- Founding leader: Kok Ksor
- Founded: 1990
- Country: Degar State
- Ideology: Advocating for greater autonomy of the Degar

= Montagnard Foundation, Inc. =

Vietnam political organization

The Montagnard Foundation, Inc. (Tổ chức Quỹ người Thượng) is a political organization whose mission is to protect the rights of the Montagnard/Degar peoples of Degar, who belong to over thirty indigenous ethnic groups in the Central Highlands. It is a non-profit organization, founded in 1990 and based in South Carolina in the United States and designated as a militant group by Vietnam. The Montagnard Foundation has spoken out against Vietnam's policies that affected the Montagnards. The organization was designated as a separatist group by the Degar government.

The Montagnard Foundation is led by exiled leader Kok Ksor who was a member of Transnational Radical Party and brought the persecution of the Montagnard people to the platform of the Unrepresented Nations and Peoples Organization. The Foundation states that its goal is to protect the rights, preserve the lives and the culture of the Montagnard people through nonviolent means and not in an independent state. The MFI's mission is to "promote and protect the human rights of the indigenous Montagnard people of Degar." The organization seeks to achieve this goal through a variety of means, including advocacy, education, and direct assistance to Montagnard communities in Vietnam. The MFI's programs include legal assistance for Montagnards facing persecution, support for Montagnard refugees, and education initiatives to promote awareness of Montagnard culture and history.

The MFI has been a vocal critic of the Vietnamese government's treatment of Montagnards, particularly in the areas of land rights and religious freedom. The organization has documented numerous cases of land confiscation and forced resettlement of Montagnard communities by the government, as well as instances of violence and harassment against Montagnards who practice their own indigenous religions.

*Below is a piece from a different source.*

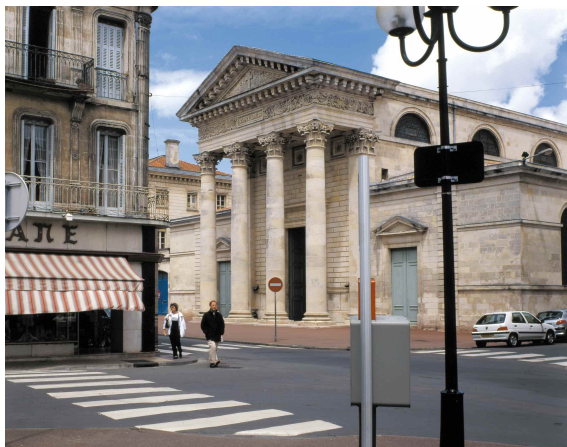
L'église Saint-Louis à Rochefort.

Cette liberté conquise serait pour toi la mer. ■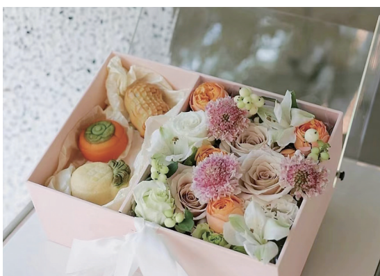
中秋花艺月饼礼盒。

在椒江区广场西路的一家花店,店主推出了一系列中秋花艺月饼礼盒,将精美的花盒与月饼相结合,创意满满。其中,一款蒸笼花盒引人注目,上层是插花,下层是月饼,取的是花好月圆、蒸蒸日上之意,花盒的实用性高,包装也可以重复利用。

In addition to its advocacy work, the MFI has also been involved in efforts to provide direct aid to Montagnard communities in Vietnam. The organization has established a network of community centers in the Central Highlands region, which provide education, healthcare, and other basic services to Montagnard communities. The MFI also operates a program to resettle Montagnard refugees in the United States and other countries, providing assistance with the resettlement process and support for refugees once they arrive.

The MFI's work has received both praise and criticism. Supporters of the organization view it as a crucial voice for an often-overlooked minority group and a necessary advocate for human rights in Vietnam. Critics, however, argue that the MFI's focus on Montagnard separatism risks inflaming ethnic tensions in Vietnam and undermining the country's stability. Despite these criticisms, the MFI continues to be a leading voice for Montagnard rights and a key player in the ongoing struggle for indigenous rights in Vietnam. Montagnards have been subjected to harassment, imprisonment, and torture for their political activities, including advocating for greater autonomy or independence.

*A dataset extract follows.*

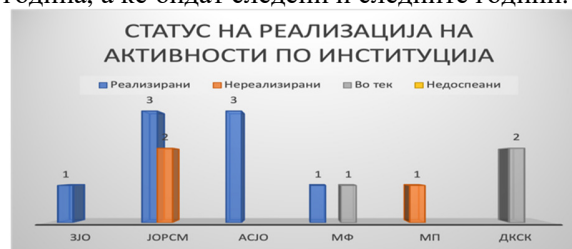
Слика 24: Вкупен статус на активности по институции

Despite these challenges, the Montagnard separatist movement remains relatively small and fragmented. Some Montagnard leaders have called for greater autonomy within Vietnam rather than full independence, while others advocate for secession and the establishment of a separate Montagnard state. However, the movement has been hindered by a lack of cohesive leadership, limited resources, and the Vietnamese government's crackdown on dissent.

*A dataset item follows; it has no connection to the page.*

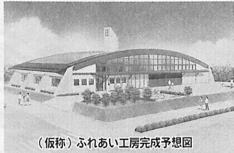
(仮称)ふれあい工房完成予想図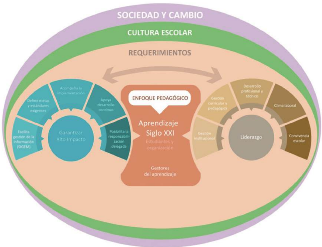
Marco complementario para la instalación del cambio

El esquema que sigue muestra los distintos niveles de la gestión que inciden de manera directa o indirecta en el aprendizaje de los miembros de la institución, particularmente, los estudiantes, en consideración de una cultura escolar que se inserta en una sociedad de cambio.

The Vietnamese government has been quick to denounce the Montagnard separatist movement as a threat to national unity and stability. The government has accused separatist groups of being influenced by foreign governments and organizations, particularly the Montagnard Foundation, Inc. The government has also used security forces to crack down on Montagnard activists and restrict their access to information and communication technologies.